Seeing that Mal needed more of an explanation, he pushed the power button for the device set into the car’s dashboard. Nothing happened.

“I was listening to the news—keeping my ear to the ground for intel—when everything blew up and the radio died. Hence, you owe me a radio,” said Zuz.

Mal was dumbfounded.

“So you’re saying it’s my fault that your radio shorted out from the explosion? And that I have to buy you a new one?”

Zuz nodded enthusiastically.

Grinding the warm metal of his palm into his right eye socket, Mal sighed.

“Please, Zuz, for both our sake’s, shut up and drive,” said Mal, stretching out as much as he could in the tiny car and closing his eyes. “We need to find Kristin.”

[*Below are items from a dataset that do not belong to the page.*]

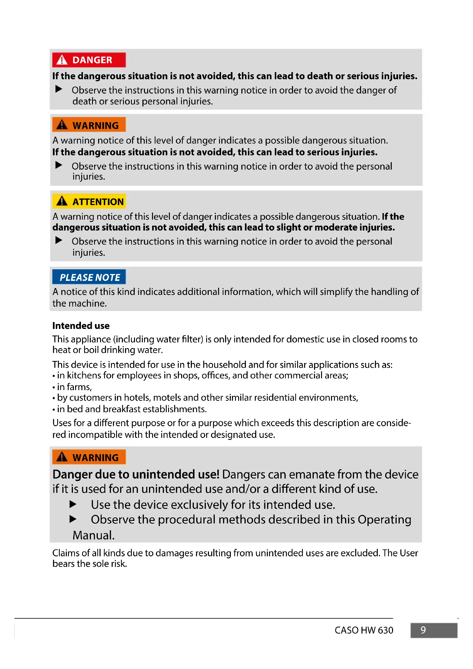 - in bed and breakfast establishments. Uses for a dierent purpose or for a purpose which exceeds this description are conside- red incompatible with the intended or designated use. WARNING Danger due to unintended use! Dangers can emanate from the device if it is used for an unintended use and/or a dierent kind of use. f Use the device exclusively for its intended use. f Observe the procedural methods described in this Operating Manual. Claims of all kinds due to damages resulting from unintended uses are excluded. The User bears the sole risk. WARNING ATTENTION PLEASE NOTE10 CASO HW 630 General Safety information PLEASE NOTE Please observe the following general safety notices with regard to the safe handling of the device. f Use the appliance only as described in the user’s guide to avoid possi- ble injury from misuse. f This device may be used by children aged 8 and above, if they are supervised or have been instructed at to the safe use of the device and have understood the resulting hazards. f Cleaning and maintenance by the user must not be performed by children unless they are at least 8 years old and are supervised. f Children are not allowed to play with the device. f The device and its connecting cable must be kept away from children who are less than 8 years old. f This appliance can be used by persons with reduced physical, senso- ry or mental capabilities or lack of experience and knowledge if they have been given supervision or instruction concerning the use of the appliance safely and they understand the hazards involved. f Operate the appliance only in dry indoor areas. f Do not operate the appliance unattended. f Do not use the appliance:
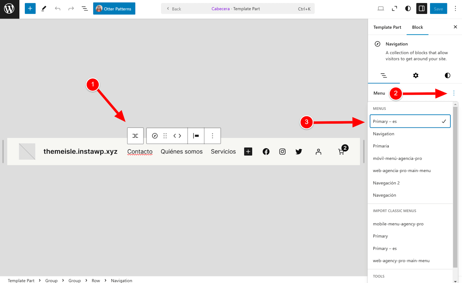 - Once done, go directly to Appearance > Editor and click your Header. Edit the existing navigation block, set it to your translated menu, and click Save.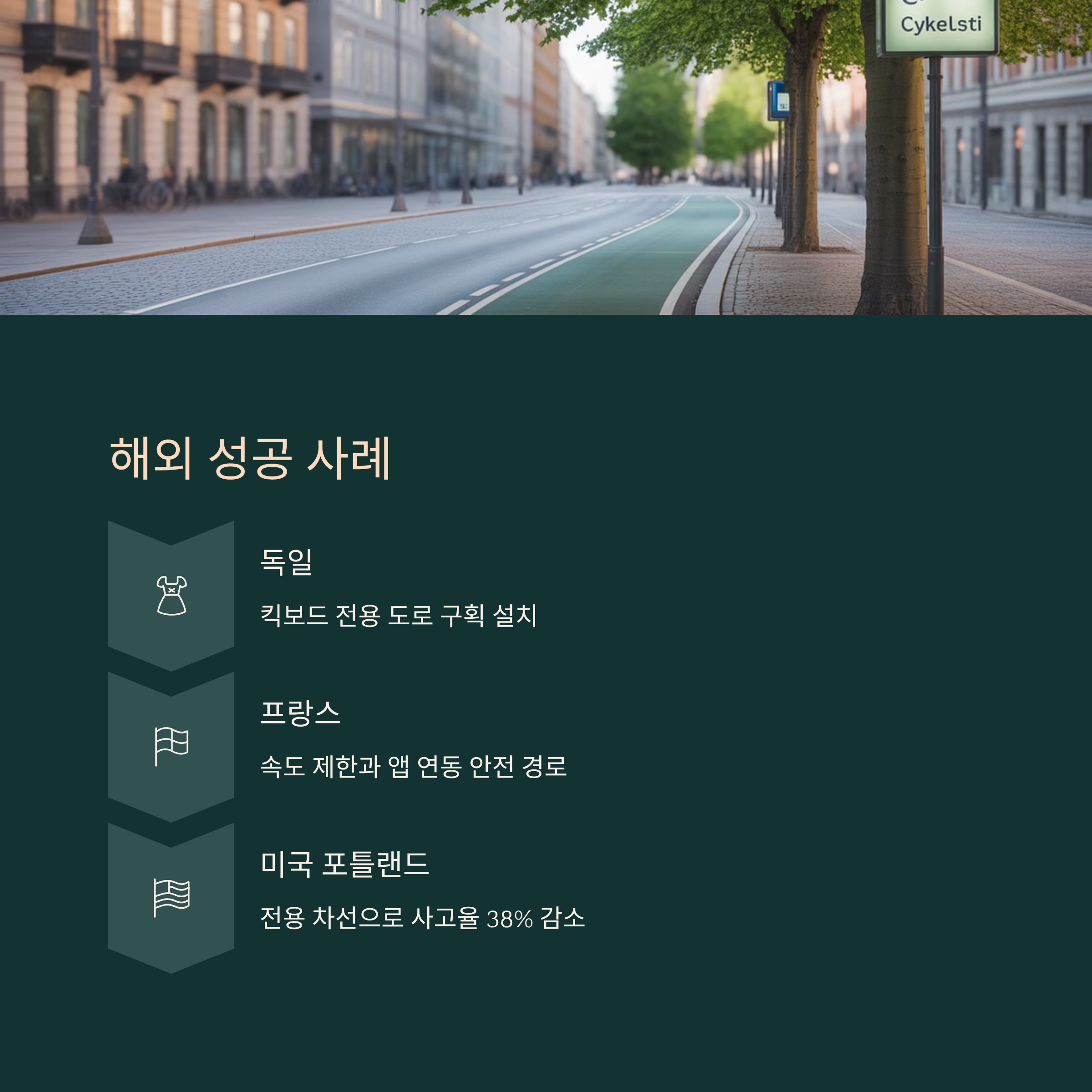 미국 포틀랜드의 경우, 자전거 도로를 세분화해 킥보드 전용 차선을 별도로 설치했어요. 이에 따라 사고율이 38% 감소했고, 시민들의 만족도도 2배 이상 상승했어요. 이를 통해 전동킥보드와 자전거의 갈등은 공간 재설계만으로도 상당 부분 줄일 수 있음을 보여줘요.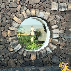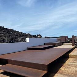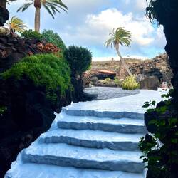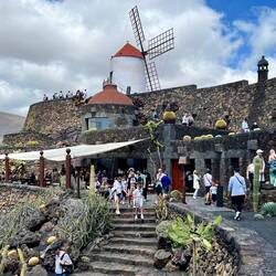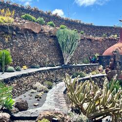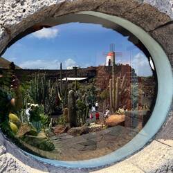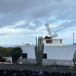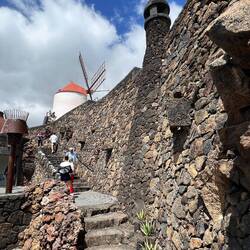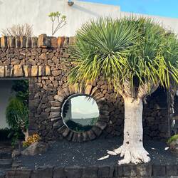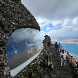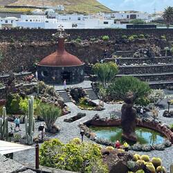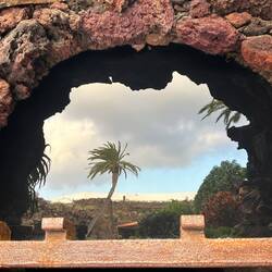 Nach einem frischen, selbst gepressten Orangensaft, an den wir uns sehr schnell gewöhnt haben, geht es los in den Norden der Insel. Aufgrund der überschaubaren Dimensionen der Inseln ist man in einer Stunde schon am Ziel. Der Norden ist gebirgiger. Erkennbar sind drei große, gut erhaltene Vulkankegel. Die Weinkultur mit den Kratern und Mauern sind hier kleinteiliger und in die steilen Berghänge eingegraben. Die Vegetation dazwischen ist üppiger, was auf eine fruchtbare Deckschicht schließen lässt. Auf einem der Hügel sehen wir einen erhabenen Landsitz, mit weitem Blick über die Weinberge, bis hin zum Meer. Kleine Dörfer reihen sich entlang der Straße- bis wir fast zum Ende der Insel kommen- eine hohe Kuppe, von Steinmauern gefasst, ist unser Zielpunkt, der berühmte Mirardor del Rio. Dies ist der schönste und berühmteste Aussichtspunkt auf der Insel, gekrönt und inszeniert von einem ikonischen Gebäude - von wem wohl? Natürlich von Cesar Manrique, der hier wieder mit genialem Händchen ein Meisterwerk geschaffen hat.

“Sure thing,” responded Zuz who remained silent for almost thirty full seconds before speaking up once more. “Hey, Mal…”

The sound of his friend’s voice grated along the ends of every nerve in the cyborg’s exhausted body.

“What…Is…It…Zuz?” asked Mal, exasperated. As if on cue, the computerized portion of his brain began listing the nearly one hundred ways the driver could be killed from Mal’s current seated position.

“Why aren’t you wearing any pants?”

CHAPTER 15

 

There was very little in life Gordon Kiesling hated more than having to report to his so-called superiors. Sure, some of them were nice enough, and a few were downright pleasant in some circumstances, but the idea that he, the head of one of the most powerful black-ops organizations in the world, should have to answer to pencil-pushers from D.C. flat out pissed him off.

There were days Kiesling wished he could just have every politician in the country taken out and shot.

Sitting there in a tiny, windowless waiting room on an incredibly tacky pleather sofa, face-to-face with the man most identified on organization charts as his ‘boss,’ Kiesling was experiencing one of those days.